Colin is sponsored by BD so he generally uses a Cobra or Viper. In context the plunging was spike first, blade pointed up hill. The idea is to gain more support when you weight the tool in steep snow by the arc of the handle forcing itself farther into the snow instead of the reverse.

 

On the Nomic many of us plunge the tool head first. In that case I generally do it side ways to get as much surface area as possible from the tool's cross section for support. I have also carried one of the super light, short, straight shafted axes to go with my Nomics if I know there will be a lot of snow around.

 

"Also, I have a (never used) 70cm ice axe and am curious if there is any reason to keep it if I already have ice tools, and for what."

 

I have a few straight shafted axes around from 75 down to 40cm.

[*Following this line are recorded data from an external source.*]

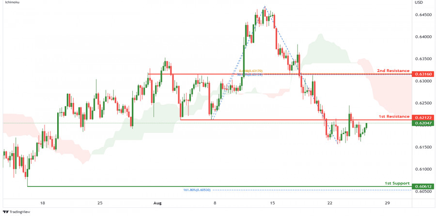 NZD/USD: возможно снижение. Прогноз на 25 августа 2022 г.ИнстаФорекс - Instaforex, 3 года назад На 4-часовом графике пара NZD/USD движется ниже индикатора Облако Ишимоку, что указывает на медвежий импульс. Ожидается, что цена упадет от 1-го уровня сопротивления 0.62122, соответствующего перекрытию, выступающему в роли сопротивления, до 1-го уровня поддержки 0.60612, который соответствует уровню свинг-лоу, выступающему в качестве поддержки, и уровню расширения Фибоначчи 161.8%. В качестве альтернативы цена может пробить 1-й уровень сопротивления и подняться до 2-го уровня сопротивления 0.63160, соответствующего перекрытию, выступающему в роли сопротивления, 50% уровню коррекции Фибоначчи и 61.8% проекции Фибоначчи. Торговая рекомендация Вход: 0.62122 Условия для входа: перекрытие, выступающее в роли сопротивления Тейк-профит: 0.60612 Условия для фиксации прибыли: уровень свинг-лоу, выступающий в качестве поддержки, и уровень расширения Фибоначчи 161.8% Стоп-лосс: 0.63160 Условия для активации ордера стоп-лосс: перекрытие, выступающее в роли сопротивления, 50% уровень коррекции Фибоначчи и 61.8% проекция Фибоначчи Материал предоставлен компанией InstaForex - www.instaforex.com |
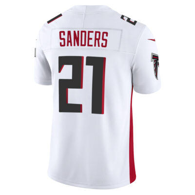 This Deion Sanders Atlanta Falcons White Road Vapor F.U.S.E Limited Jersey – All Stitched is an essential piece of gear for any Atlanta Falcons fan looking to highlight their favorite jersey and player. The Deion Sanders Atlanta Falcons White Road Vapor F.U.S.E Limited Jersey and team details provide a kickoff-ready look that elevates your excitement for game day. Made with comfort in mind, this Deion Sanders Atlanta Falcons jersey delivers a standard, lightweight fit and features breathable mesh side panels for added ventilation.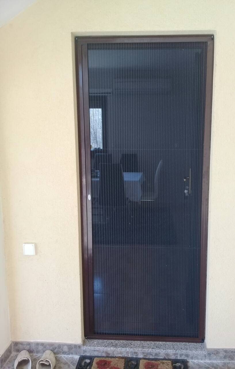 Opening and closing is possible from the outside and inside. Pleated mosquito nets can be installed on all types of doors and do not require a lot of space. The mosquito net frame is made of high-quality aluminum. This, of course, guarantees the long life of this product, and it is resistant to corrosion and does not break. The mosquito net is easy to clean with water.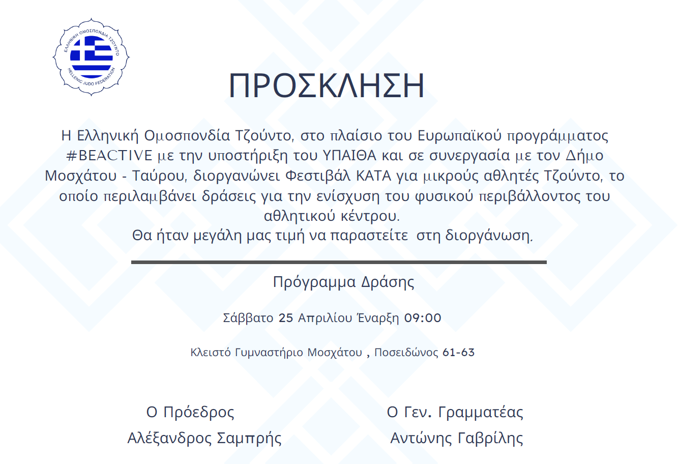 Η Ελληνική Ομοσπονδία Τζούντο διοργανώνει Φεστιβάλ ΚΑΤΑ για μικρούς αθλητές, στο κλειστό γυμναστήριο Μοσχάτου (Καποδιστρίου 2-4), το Σάββατο 25 Απριλίου 2026.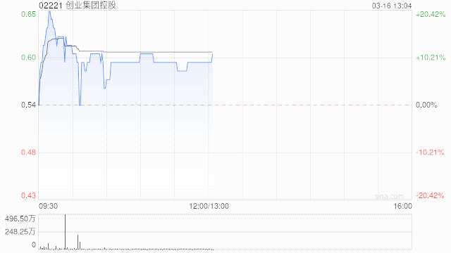 創(chuàng)業(yè)集團控股(02221)迎來4連升,早盤上升7.41%,現(xiàn)報0.58港元,成交額868.98萬港元。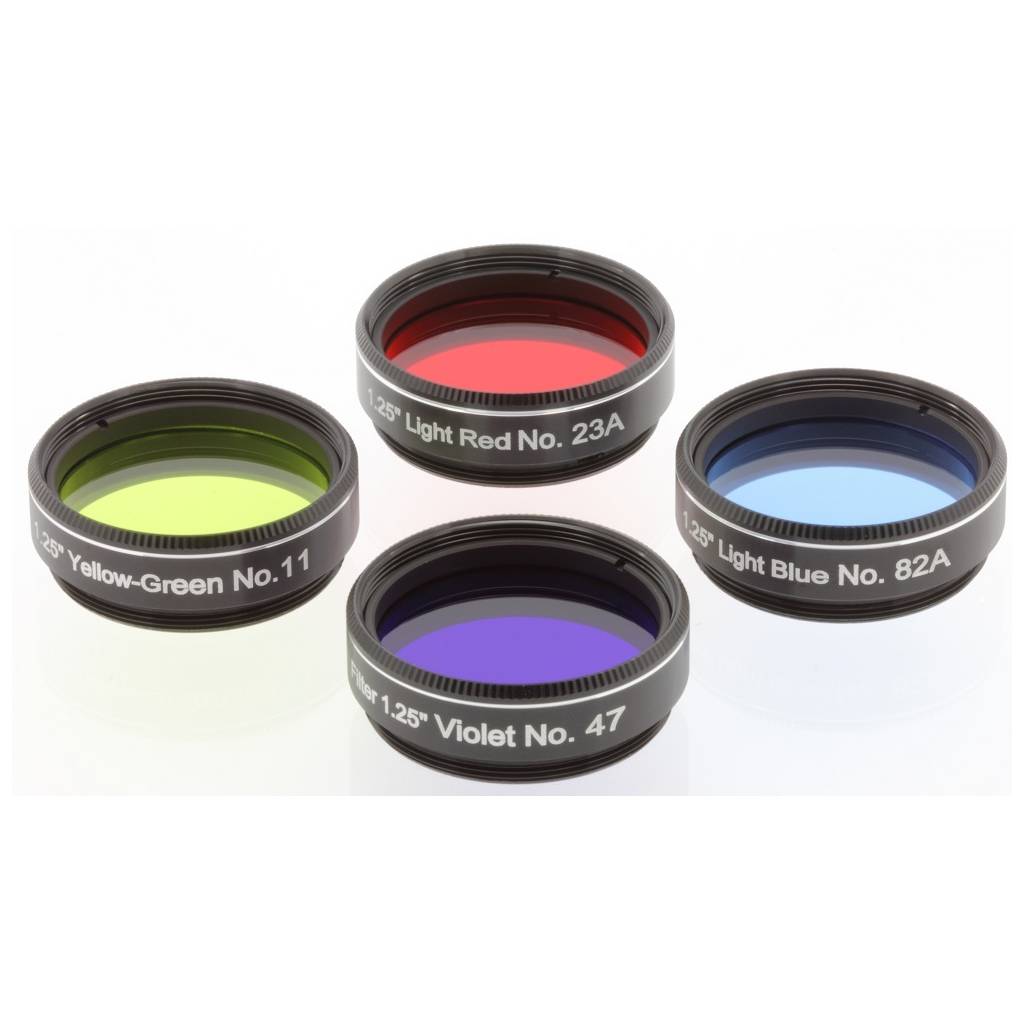 Set de 4 filtres colorés Explore Scientific spécial Lune et planètes, conviennent pour une lunette ou un télescope à partir de 150 mm de diamètre. Diamètre des filtres 31,75 mm (1.25").

Although most don't see any use these days. Moderate snow can make a 60 or longer axe, if it is a reasonable weight, worth having and using in the right terrain.

 

"I feel comfortable with just crampons and trekking poles. Consequently I haven't used a longer "mountaineering axe" in years."

 

If I am wearing crampons I generally want a ice axe capable of a self arrest in hand and not a trekking pole. But I have used trekking poles and crampons several times just getting to Source Lake ;)

 

I own a couple of super lwt 50 ice axes for things like DC and the Emmons where the majority of time I'd use a trekking pole. Same axes will work just fine for Ptarmigan or Libery as well in everything but hard fall conditions.

 

Only reason I don't use a 60 or 70 cm axe there now is eveything I own is too heavy to carry. The one axe weights more than a short axe and one trekking pole. And the trekking poles are easily adjustable for size so they get my nod.

 

Big fan of trekking poles on most trips that involves a walk of any length.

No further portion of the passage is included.